In a press statement, Gov. Deal said, “Illegal immigration is a complex and troublesome issue, and no state alone can fix it. We will continue to have a broken system until we have a federal solution. In the meantime, states must act to defend their taxpayers.”
He asserted that Georgians have spent “billions of dollars . . . on our schools, our hospitals, our courtrooms and our jails because of people who are in our state illegally.”
He said, “This immigration reform measure fulfills my promise to Georgians to crack down on the influx of illegal immigrants into our state. Georgia has the sixth highest number of illegal residents, and this comes at enormous expense to Georgia taxpayers.”
Here are key points in the illegal immigration law. The law:
- Creates a new criminal offense of aggravated identity fraud for anyone willfully using fraudulent documents to get a job. A person under 21 would be punished by 1-3 years in prison and/or a fine up to $5,000. Those 21 and up would face minimally 1-10 years in jail and/or a fine up to $100,000.
- Empowers any peace officer with probable cause to believe a person has committed a criminal offense, including a traffic offense, to investigate their immigration status if they cannot produce valid identification and detain them if they are found to be in the country illegally.
- States that a person’s race, color or country of origin is not to be a determinant in investigating their immigration status.
- States that a person who contacts the police to report a crime, as a witness to a crime or victim of a crime will not have their status investigated.
- Requires that when anyone is held in county or municipal jail for any reason, an effort is made to verify that they are in the country legally and if they are not in the country legally, immigration authorities will be notified and they will be subject to detention.
- Creates a new criminal offense: transporting or moving an illegal alien. Creates a new criminal offense: knowingly and intentionally inducing an illegal alien to enter Georgia. Penalties range from less than 1 year in jail and/or a fine to 1-5 years in jail and/or a fine.

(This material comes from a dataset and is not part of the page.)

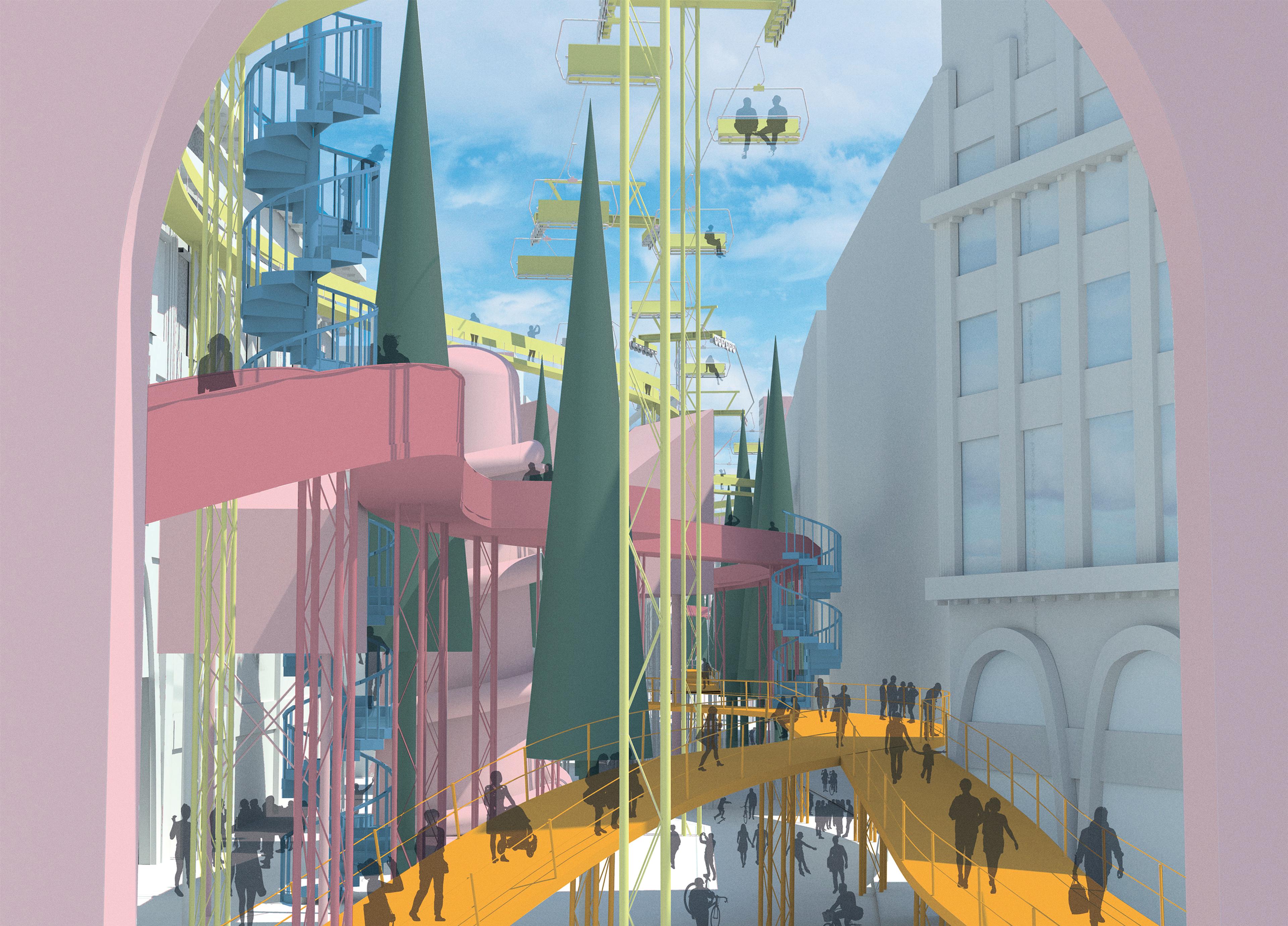 Oxford Street is one of the busiest streets in the world, a perfect opportunity to spread the idea of formless play to as many people as possible. Landscapes reminiscent of children’s drawings, with bold, bright colours, over-scaled architectural follies and simple block treescapes, look to re-educate visitors on what play can mean. The follies and spaces within the project are free to be used for a multitude of activities, be it structured artistic displays or spontaneous visitor-led play. Pathways that bend and swerve and cable cars that rise high above offer an alternative means of travel and an opportunity for slower movement through the site.

- Creates a new criminal offense: concealing or harboring an illegal alien. Harboring is defined to mean anything that substantially helps an illegal alien to remain in the United States. Exceptions are: a person helping infants or children, a crime victim, in a medical emergency, a person offering privately funded social services, or attorney-client representation. Penalties mirror those for transporting an illegal alien.

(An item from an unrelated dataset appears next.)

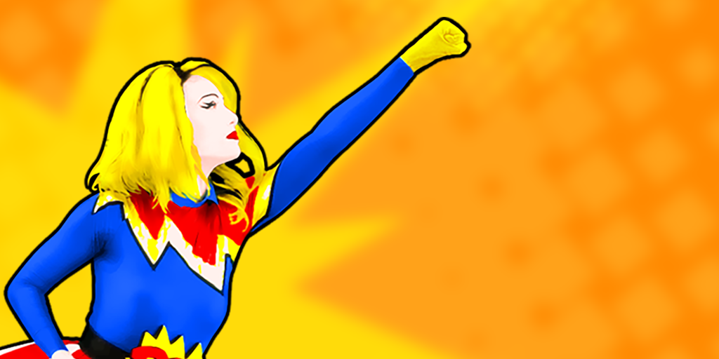The dancer is a woman called Stargirl[3] who is mainly a comic-styled superhero character. She has yellow hair and wears red lipstick. Her outfit resembles the flag of America because her dress has white and red stripes and her leggings are blue with white stars. Her top is mainly blue with yellow and red situated on the upper left shoulder. She also wears what is likely to be a belt that says POW! in a shock bubble. Her glove is also vivid yellow, specifically candlelight.

- Requires any private employer with more than 10 employees to use the federal E-Verify program to determine that any newly hired employee is in the country legally. This will be effective on Jan. 1, 2012 for employers with 500 or more employees, July 2012 for employers of 100 up to 499 employees and July 1, 2013 for employers of more than 10 but fewer than 100 employees. In order to receive a business license or renew a license, businesses will have to show they are registered with E-Verify. Violation of this will be a criminal offense.